◆ **WHAT IS REQUIRED**: Look below for the line with "має 4 гусячу"; begin the copy there and stop after the line with "ブラウンネイルは、指先をきゅ", keeping the text exact and the pictures out.

◆ **SUPPLIED ENTRIES**:
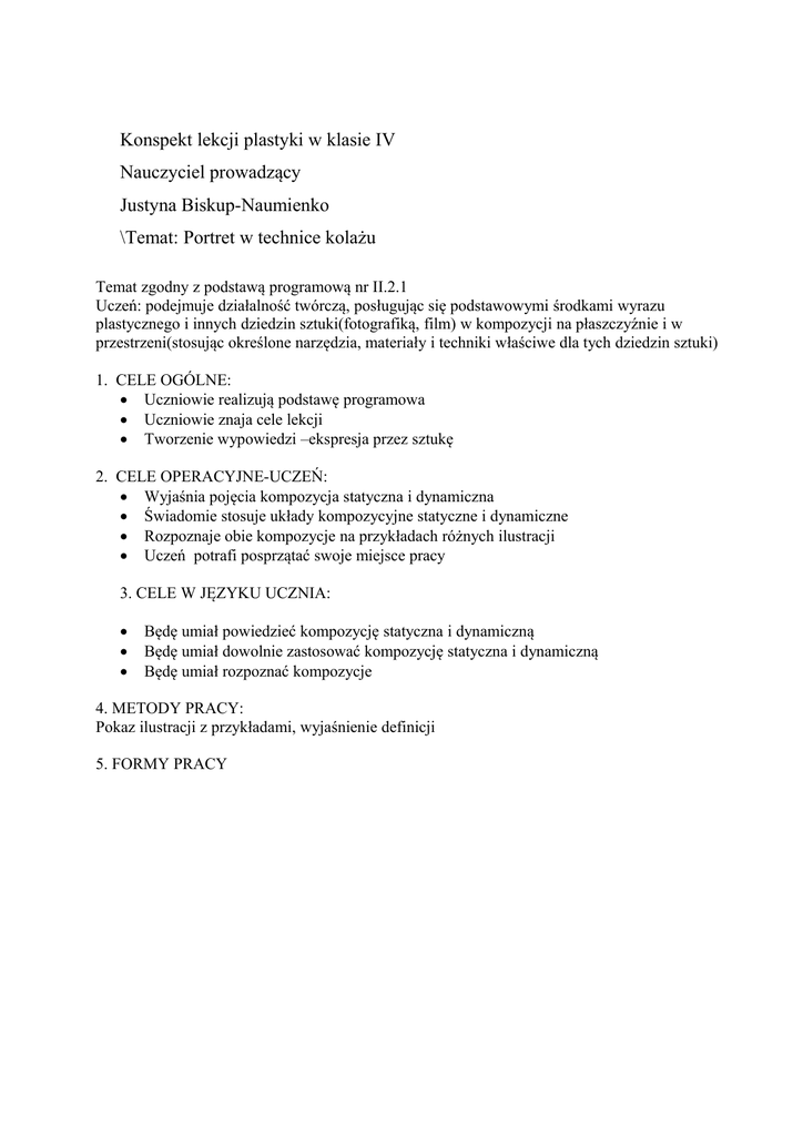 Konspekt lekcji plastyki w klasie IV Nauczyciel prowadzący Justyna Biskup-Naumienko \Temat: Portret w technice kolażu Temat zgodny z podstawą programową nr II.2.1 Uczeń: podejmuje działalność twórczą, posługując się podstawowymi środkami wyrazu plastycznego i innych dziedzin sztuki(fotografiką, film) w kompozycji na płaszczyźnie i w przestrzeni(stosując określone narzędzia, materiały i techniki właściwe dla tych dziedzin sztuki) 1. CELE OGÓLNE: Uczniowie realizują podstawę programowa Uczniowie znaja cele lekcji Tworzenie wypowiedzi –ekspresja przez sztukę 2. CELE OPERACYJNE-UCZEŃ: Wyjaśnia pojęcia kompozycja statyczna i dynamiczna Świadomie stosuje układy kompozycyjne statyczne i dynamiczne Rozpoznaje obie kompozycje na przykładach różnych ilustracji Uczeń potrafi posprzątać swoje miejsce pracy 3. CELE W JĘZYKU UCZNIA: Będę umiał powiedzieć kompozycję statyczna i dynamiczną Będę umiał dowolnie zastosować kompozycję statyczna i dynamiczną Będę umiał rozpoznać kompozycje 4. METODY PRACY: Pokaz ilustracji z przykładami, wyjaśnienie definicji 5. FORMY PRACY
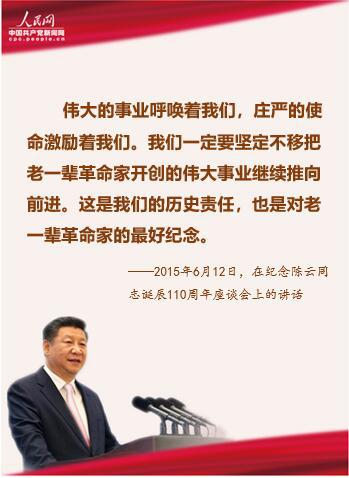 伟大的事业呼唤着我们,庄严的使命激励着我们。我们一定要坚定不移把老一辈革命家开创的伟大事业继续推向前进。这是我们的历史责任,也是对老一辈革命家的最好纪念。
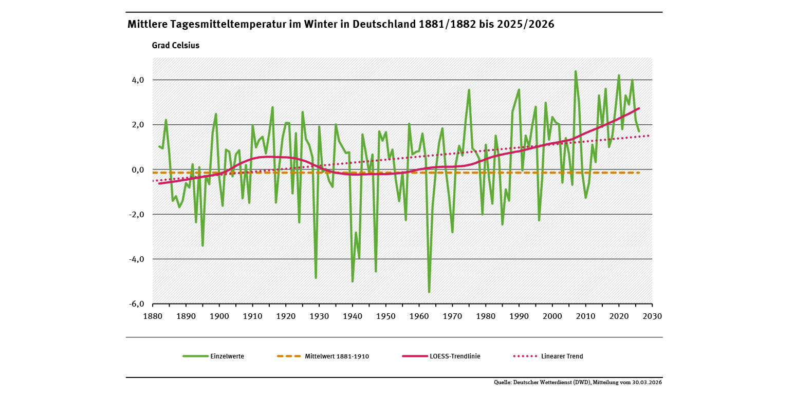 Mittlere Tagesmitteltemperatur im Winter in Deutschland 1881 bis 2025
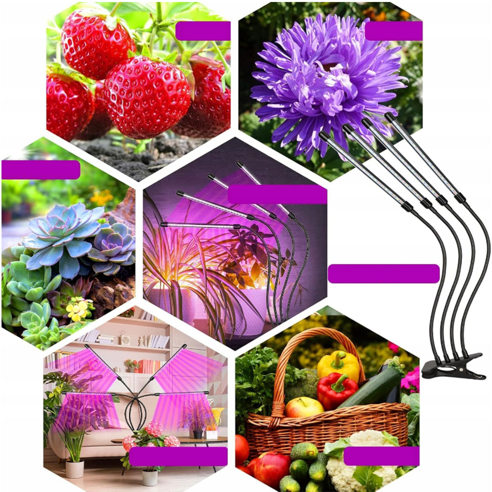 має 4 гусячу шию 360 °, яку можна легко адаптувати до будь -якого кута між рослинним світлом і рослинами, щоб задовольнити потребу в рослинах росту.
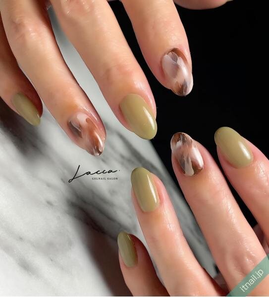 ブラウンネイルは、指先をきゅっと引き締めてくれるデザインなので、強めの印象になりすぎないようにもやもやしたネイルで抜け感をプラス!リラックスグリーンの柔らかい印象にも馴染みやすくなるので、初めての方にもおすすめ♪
--
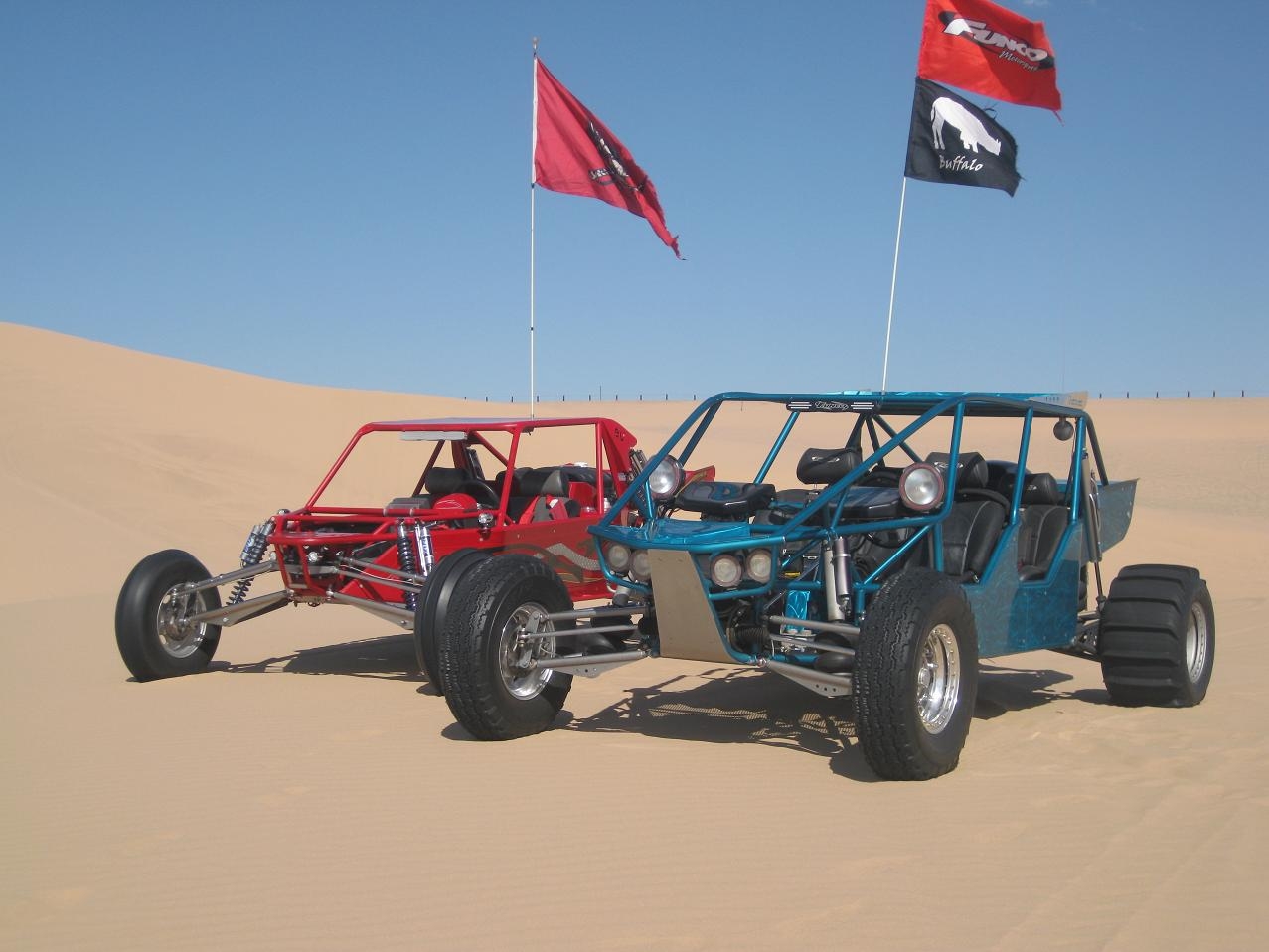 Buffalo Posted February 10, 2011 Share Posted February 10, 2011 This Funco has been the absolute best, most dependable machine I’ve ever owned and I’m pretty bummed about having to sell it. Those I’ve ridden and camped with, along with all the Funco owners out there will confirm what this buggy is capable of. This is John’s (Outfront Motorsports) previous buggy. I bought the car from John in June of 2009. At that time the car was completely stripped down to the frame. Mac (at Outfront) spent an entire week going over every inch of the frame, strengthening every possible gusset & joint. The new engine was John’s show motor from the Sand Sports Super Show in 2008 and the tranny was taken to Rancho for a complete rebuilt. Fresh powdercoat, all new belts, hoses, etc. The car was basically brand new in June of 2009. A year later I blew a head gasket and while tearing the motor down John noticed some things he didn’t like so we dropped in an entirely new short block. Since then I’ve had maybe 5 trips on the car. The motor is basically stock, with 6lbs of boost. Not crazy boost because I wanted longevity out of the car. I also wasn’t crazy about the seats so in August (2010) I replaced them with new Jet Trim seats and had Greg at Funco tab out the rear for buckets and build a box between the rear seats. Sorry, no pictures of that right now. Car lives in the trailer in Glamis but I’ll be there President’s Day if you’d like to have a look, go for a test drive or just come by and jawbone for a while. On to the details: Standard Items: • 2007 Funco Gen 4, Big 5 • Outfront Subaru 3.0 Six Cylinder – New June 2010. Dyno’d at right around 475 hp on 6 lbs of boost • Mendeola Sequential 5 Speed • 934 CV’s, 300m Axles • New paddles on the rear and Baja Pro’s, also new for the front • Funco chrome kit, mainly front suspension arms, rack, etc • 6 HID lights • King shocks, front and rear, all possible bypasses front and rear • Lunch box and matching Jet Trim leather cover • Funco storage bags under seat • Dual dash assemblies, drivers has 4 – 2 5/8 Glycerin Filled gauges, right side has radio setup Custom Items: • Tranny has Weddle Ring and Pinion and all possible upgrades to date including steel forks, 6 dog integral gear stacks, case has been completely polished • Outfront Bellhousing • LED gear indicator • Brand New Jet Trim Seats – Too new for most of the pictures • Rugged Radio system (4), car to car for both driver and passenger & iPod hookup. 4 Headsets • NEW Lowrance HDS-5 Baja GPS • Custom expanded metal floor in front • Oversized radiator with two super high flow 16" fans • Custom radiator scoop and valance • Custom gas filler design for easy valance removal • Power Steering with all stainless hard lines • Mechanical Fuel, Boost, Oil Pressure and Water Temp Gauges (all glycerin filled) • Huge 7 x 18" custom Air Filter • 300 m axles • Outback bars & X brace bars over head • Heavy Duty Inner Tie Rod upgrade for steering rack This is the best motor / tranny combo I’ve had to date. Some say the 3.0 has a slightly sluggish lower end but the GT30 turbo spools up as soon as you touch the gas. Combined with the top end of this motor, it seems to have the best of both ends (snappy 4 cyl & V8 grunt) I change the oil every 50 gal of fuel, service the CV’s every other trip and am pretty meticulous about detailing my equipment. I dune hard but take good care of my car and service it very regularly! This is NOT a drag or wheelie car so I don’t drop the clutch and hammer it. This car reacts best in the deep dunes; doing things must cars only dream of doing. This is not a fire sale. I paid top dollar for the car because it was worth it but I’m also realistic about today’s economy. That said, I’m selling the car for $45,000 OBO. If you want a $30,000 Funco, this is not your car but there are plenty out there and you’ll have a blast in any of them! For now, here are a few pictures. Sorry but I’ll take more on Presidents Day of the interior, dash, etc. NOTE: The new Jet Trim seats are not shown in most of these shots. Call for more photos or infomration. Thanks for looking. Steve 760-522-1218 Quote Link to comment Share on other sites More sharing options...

◆ **WRITTEN RESPONSE**:
 має 4 гусячу шию 360 °, яку можна легко адаптувати до будь -якого кута між рослинним світлом і рослинами, щоб задовольнити потребу в рослинах росту.
 ブラウンネイルは、指先をきゅっと引き締めてくれるデザインなので、強めの印象になりすぎないようにもやもやしたネイルで抜け感をプラス!リラックスグリーンの柔らかい印象にも馴染みやすくなるので、初めての方にもおすすめ♪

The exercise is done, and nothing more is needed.